“I don’t see where he could be much safer,” answered Joe. “Old Hank Bailey hasn’t any more brains than the law allows, but I guess he’ll keep him right and tight. Besides, he was strapped to the bed when I saw him this morning. I gave Hank a special tip to be on the watch, and I guess we don’t have to worry about laying our hands on him when we want him.”

“That’s good!” ejaculated Reggie, with a sigh of relief. “I’m beginning to see daylight now.”

“Well, now,” said Joe, “that I’ve told you all I know, suppose you loosen up and tell me just why you’re so interested in the doings of Talham Tabbs.”

“I will,” answered Reggie, “and you’ll be the first living soul to know anything about it outside of Tabbs and myself. I haven’t even told Mabel about it, though she and I have been close pals ever since we were children. And as for breathing a word of it to the governor——” Here Reggie spread out his hands in a gesture that was more eloquent than words.

Joe thought to himself that he could very readily understand why Reggie might shrink from revealing anything to the stern, gruff father, of whom he had caught an occasional glimpse; but when it came to the womanly sympathy of Mabel it was different.

“You see,” went on Reggie, “I’ve been thinking for some time that I ought to settle down—make something of myself—go into business of some kind or other—what?”

Joe had privately long had a similar feeling about Reggie. What he had seen of his friend had shown him a young man who was seeking the froth of life rather than the substance, chasing the phantom of pleasure rather than facing the sober realities of things as they are. Had he been any one else than the brother of Mabel, Joe would simply have classed him as a social butterfly and let it go at that.
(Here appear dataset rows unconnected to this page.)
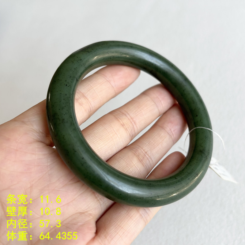 N57.3 和田玉碧玉籽料双原皮圆条美人镯 朕®开仓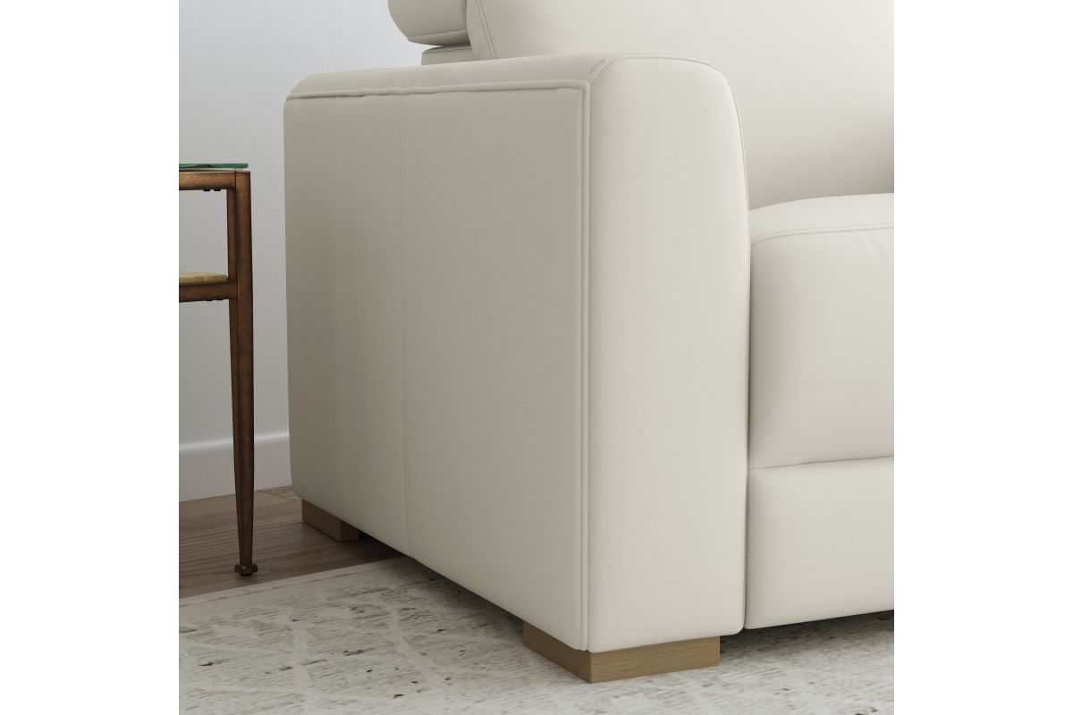 - Upholstered in a durable, coconut milk white top-grain leather that is durable for everyday use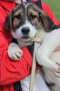 Diese Geschwisterwelpen sind aus dem städtischen Shelter. Sie wurden bei kriminellen Zigeunern (darf man das noch sagen?) gefunden. Sie waren allein, hungrig und wild. Der Chef des Shelters hat sie aufgenommen, aber sie waren sehr ängstlich Menschen gegenüber, weil sie 3 Monate lang keine menschliche Zuwendung bekamen. Vielleicht wurden sie schlecht behandelt, vielleicht hat man auch Steine nach ihnen geworfen. Als Resultat davon hat Billy angefangen zu schnappen, wenn man nach ihm greift. Gigi hat zwar Angst, interessiert sich aber trotzdem!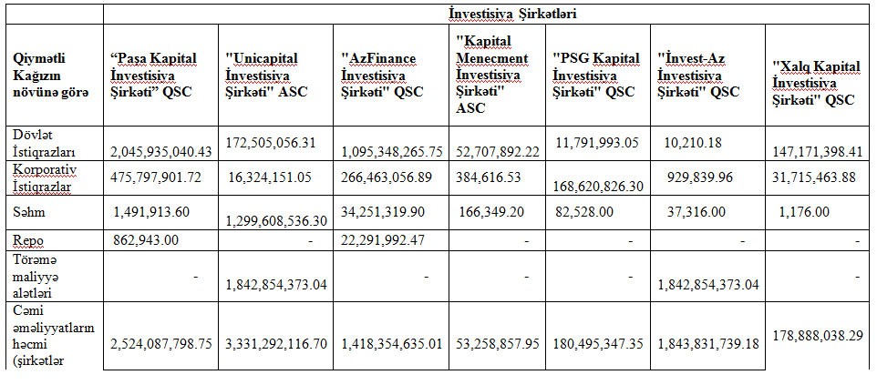 İkinci yerdə 2,5 milyard manat dövriyyə ilə “Paşa Kapital İnvestisiya Şirkəti” QSC, üçüncü yerdə isə 1,4 milyard manat dövriyyə ilə "AzFinance İnvestisiya Şirkəti" QSC-dir.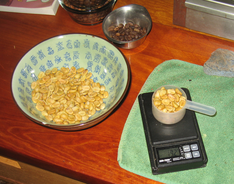 Since the beans were so large and light, we decided to use weight rather than volume to measure the amount we'd roast — turned out that, by weight, the entire 2010 crop would make one pot of coffee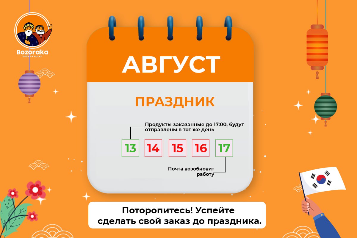 📌 В связи с предстоящим праздником в Корее график отправки заказов изменится: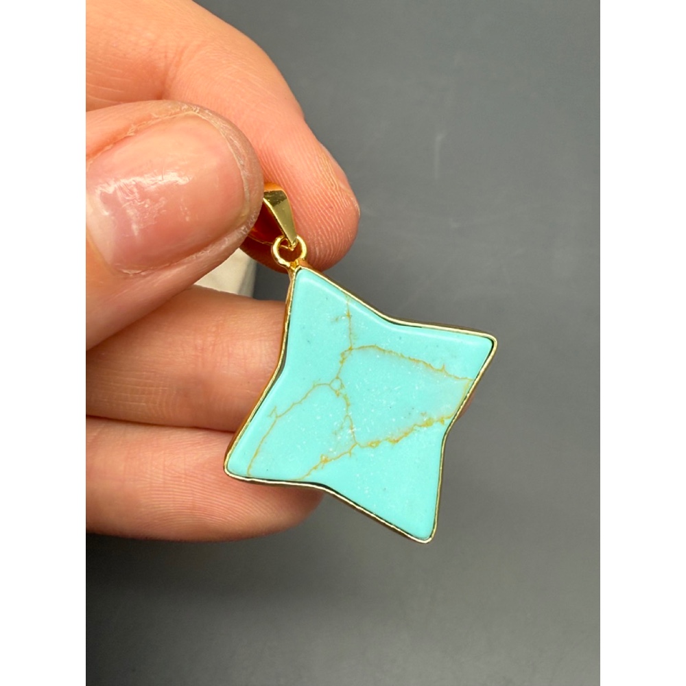 • Подвеска, Говлит натуральный (т.н. Кахолонг), голубой, тонированный, Звезда, ромб, в оправе, размер 29х3 мм, цена за 1 шт.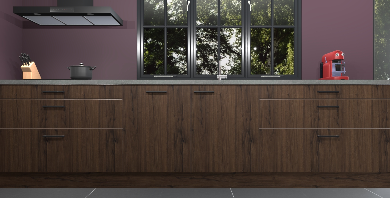 De softclose deuren openen en sluiten is ook heel eenvoudig - geniet van een moeiteloze keukenervaring, zelfs als er kinderen rondlopen. Voor extra gemak bij het plaatsen van uw bestelling bieden we ook een upgrade naar een kookplaat met geïntegreerde afzuiging.
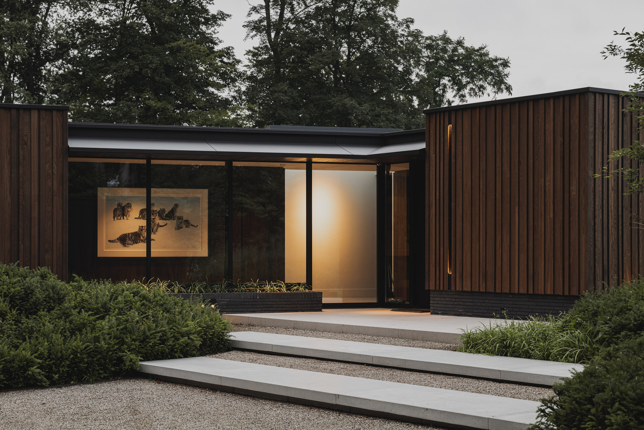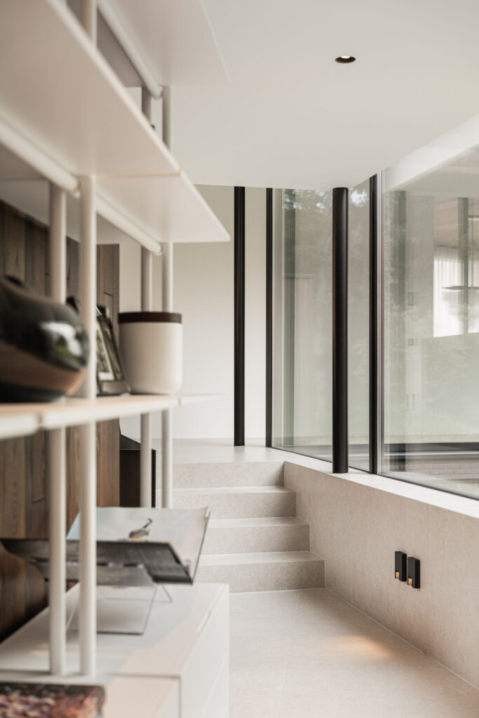 Het huis bestaat uit drie volumes waarvan er één wat lager gelegen is. Dit lager gelegen deel focust zich vooral op de bos zijde van het perceel. Er is hier veel privacy gecreëerd om zo in rust te kunnen genieten aan het zwembad en op het terras.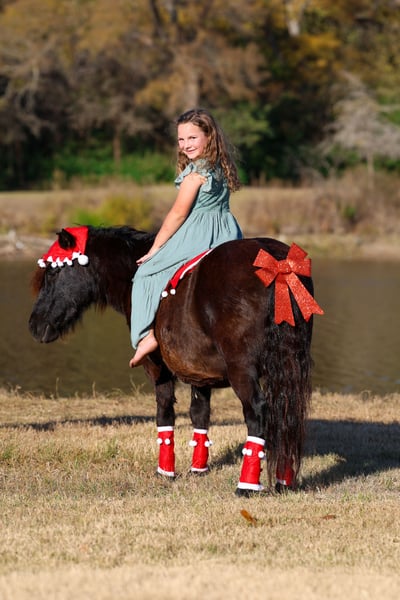 🎁 𝐈𝐍 𝐓𝐈𝐌𝐄 𝐅𝐎𝐑 𝑪𝒉𝒓𝒊𝒔𝒕𝒎𝒂𝒔 🎁 Happening now thru TUESDAY | DECEMBER 9th - Available EXCLUSIVELY on Ponybid's website! For more details and to register visit: www.Ponybid.com CONSIGNOR CONTACT: MM Ranch 469-595-6289 LOCATION: Forney Tx BREED: Pony REGISTERED: No REGISTERED NAME: Elvis COLOR: Black HEIGHT: 11 AGE: 7 GENDER: Gelding 🖤🎅🏼Elvis 🎅🏼🖤is every kids dream pony! He is fun, safe and always ready for an adventure. He is stout and well built and is the perfect size, 11 hands tall, to last kids for years. At just 7 years old, he acts a seasoned old grandpa with anything you ask him to do. He has all the ground manners you expect and want in a kid’s pony… he stands tied, easy to load, picks up all 4 feet, stands to be saddled and mounted, stands for baths, easily takes the bit, etc. He will walk, trot, and lope with ease and is very pretty mover. Elvis neck reins perfect, backs with ease, has the smooth trot, has a rocking chair lope, rides alone great or in a group and rides bareback. He is not spooky and doesn’t have bad habits. He rides english or western. Elvis has done everything from playdays, to english jumping, to being used on the ranch to work cattle, used in riding lessons, ridden in parades, rode on big trail rides, carried flags, and much more to list. He has been rode many many miles up and down the road by traffic 🚗, other animals, and lots of noise. He will go through water and handles different terrain with ease. He is a great well behaved pony no matter what he is doing in or out of the arena. He is athletic and versatile. 💥He really has the capability to do anything kids want to do. He has a good temperament and personality and is willing to try anything that is asked of him. He loves kids and is patient as they are learning. He is soft in the mouth and easy for kids of any age to maneuver and get to go the direction they want. He is enjoyable for tiny kids and super fun for the older kids to jump on and go. He would look perfect with a big red bow waiting by the tree for a kid to wake to on Christmas! 🎄🎁Call with any questions. We can help arrange shipping if needed.
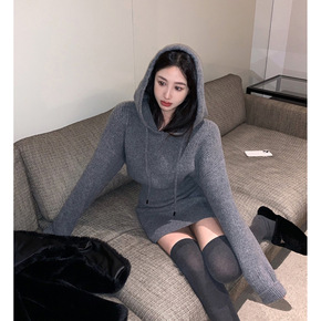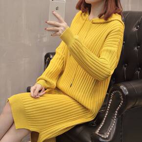 连帽毛衣连衣裙女收腰显瘦内搭打底包臀短裙2021冬...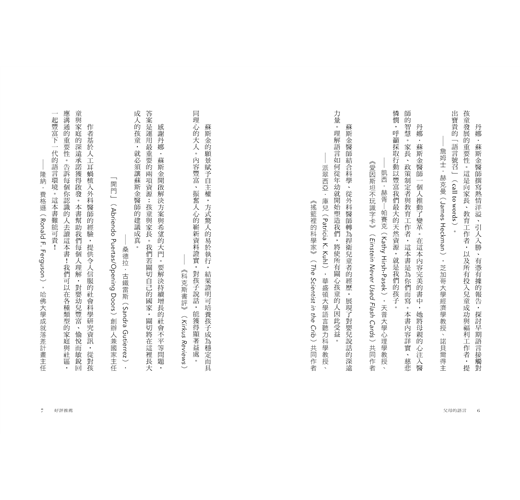 任何關心孩子、關心這國家未來的人,都應當閱讀本書。──芭芭拉.褒曼(Barbara Bowman),艾瑞克森(Erikson Institute)艾爾文.哈里斯(Irving B. Harris)兒童發展研究所教授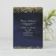 Convite Marinho Azul e Dourado Moderno Moody Watercolor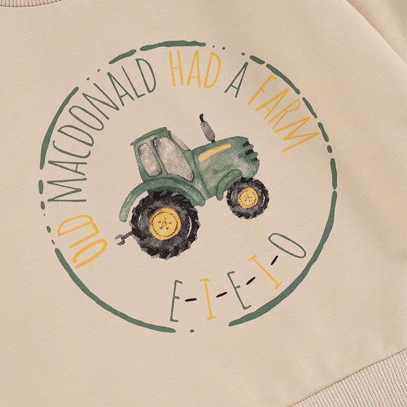 Introduce a dash of rural charm to your toddler's wardrobe with our farm-themed sweatshirts, available in two playful styles. The first style showcases a whimsical tractor design with the caption "Old MacDonald had a farm," invoking the beloved nursery rhyme. The second style highlights a vintage truck with the phrase "Dibs on the buddy seat," perfect for little adventurers.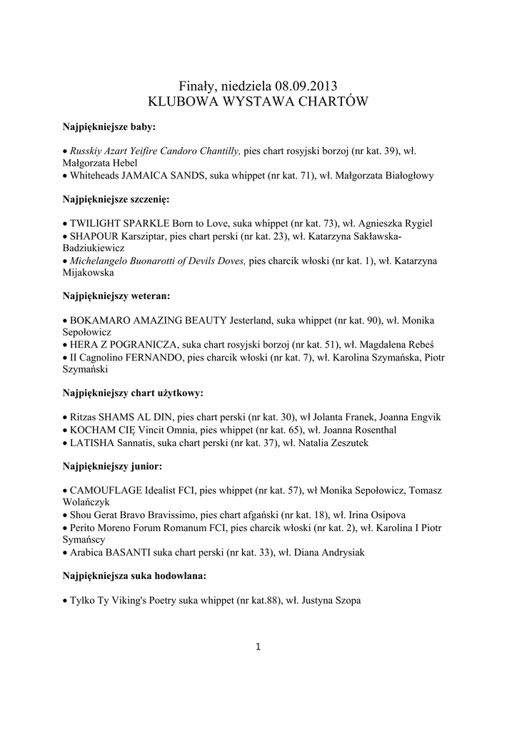 Finały, niedziela 08.09.2013 KLUBOWA WYSTAWA CHARTÓW Najpiękniejsze baby: Russkiy Azart Yeifire Candoro Chantilly, pies chart rosyjski borzoj (nr kat. 39), wł. Małgorzata Hebel Whiteheads JAMAICA SANDS, suka whippet (nr kat. 71), wł. Małgorzata Białogłowy Najpiękniejsze szczenię: TWILIGHT SPARKLE Born to Love, suka whippet (nr kat. 73), wł. Agnieszka Rygiel SHAPOUR Karsziptar, pies chart perski (nr kat. 23), wł. Katarzyna SakławskaBadziukiewicz Michelangelo Buonarotti of Devils Doves, pies charcik włoski (nr kat. 1), wł. Katarzyna Mijakowska Najpiękniejszy weteran: BOKAMARO AMAZING BEAUTY Jesterland, suka whippet (nr kat. 90), wł. Monika Sepołowicz HERA Z POGRANICZA, suka chart rosyjski borzoj (nr kat. 51), wł. Magdalena Rebeś II Cagnolino FERNANDO, pies charcik włoski (nr kat. 7), wł. Karolina Szymańska, Piotr Szymański Najpiękniejszy chart użytkowy: Ritzas SHAMS AL DIN, pies chart perski (nr kat. 30), wł Jolanta Franek, Joanna Engvik KOCHAM CIĘ Vincit Omnia, pies whippet (nr kat. 65), wł. Joanna Rosenthal LATISHA Sannatis, suka chart perski (nr kat. 37), wł. Natalia Zeszutek Najpiękniejszy junior: CAMOUFLAGE Idealist FCI, pies whippet (nr kat. 57), wł Monika Sepołowicz, Tomasz Wolańczyk Shou Gerat Bravo Bravissimo, pies chart afgański (nr kat. 18), wł. Irina Osipova Perito Moreno Forum Romanum FCI, pies charcik włoski (nr kat. 2), wł. Karolina I Piotr Symańscy Arabica BASANTI suka chart perski (nr kat. 33), wł. Diana Andrysiak Najpiękniejsza suka hodowlana: Tylko Ty Viking's Poetry suka whippet (nr kat.88), wł. Justyna Szopa 1 Najpiękniejszy reproduktor: Calicanto du Domaine de Chanteloup pies charcik włoski (nr kat. 5), wł. Karolina, Piotr Szymańscy Najpiękniejsza para: Zapytać Najlepsza Grupa Hodowlana: Festina wilczarz irlandzki, hod. Hanna Woźna-Gil Bello di Tatrebest chart rosyjski borzoj, hod. Magdalena Rebeś Meradith whippet, hod. Agnieskza Nakonieczna Forum Romanum charcik włoski, hod. Karolina, Piotr Szymańscy Najpiękniejszy chart wystawy klubowej: CAMOUFLAGE Idealist FCI, pies whippet (nr kat. 57), wł Monika Sepołowicz, Tomasz Wolańczyk OLIMPIA Celtic Alanda, suka wilczarz irlandzki (nr kat. 102) wł. Karol Skowronek CAESAR Yrtep, pies chart perski (nr kat. 31), Agnieszka Jędrzejczak Imladris Moonshine Prelude, suka chart angielski greyhound (nr kat. 55), wł. Marzena Pietruchowska 2

As it was, he had excused a lot of things because of his youth, and now he was sincerely glad to learn that Reggie was taking a more sensible view of life.

“That’s the way to look at it, old man,” he said approvingly. “There’s nothing in this society stuff.”

“So I went to the governor,” continued Reggie, “and told him what I had in mind. The trouble is, dad has been too good to me. Had a pretty rough time of it when he was young—poverty, hard work, and all that—and he had promised himself that his son, if he ever had one, shouldn’t have so hard a time of it as he had had. So he gave me everything I wanted—plenty of money, a tour of Europe, motor boat, automobile, and all that sort of thing, don’t you know. I suppose later on he expects to take me into business with him, but he hasn’t been in any hurry about it. Funny, isn’t it, how hard-headed men look at those things sometimes when their children are concerned?”

Joe nodded. He had known of more than one instance where, through some strange blindness, men who had risen to wealth by their own endeavors had been unwilling that their boys should have the same hard but wholesome experience.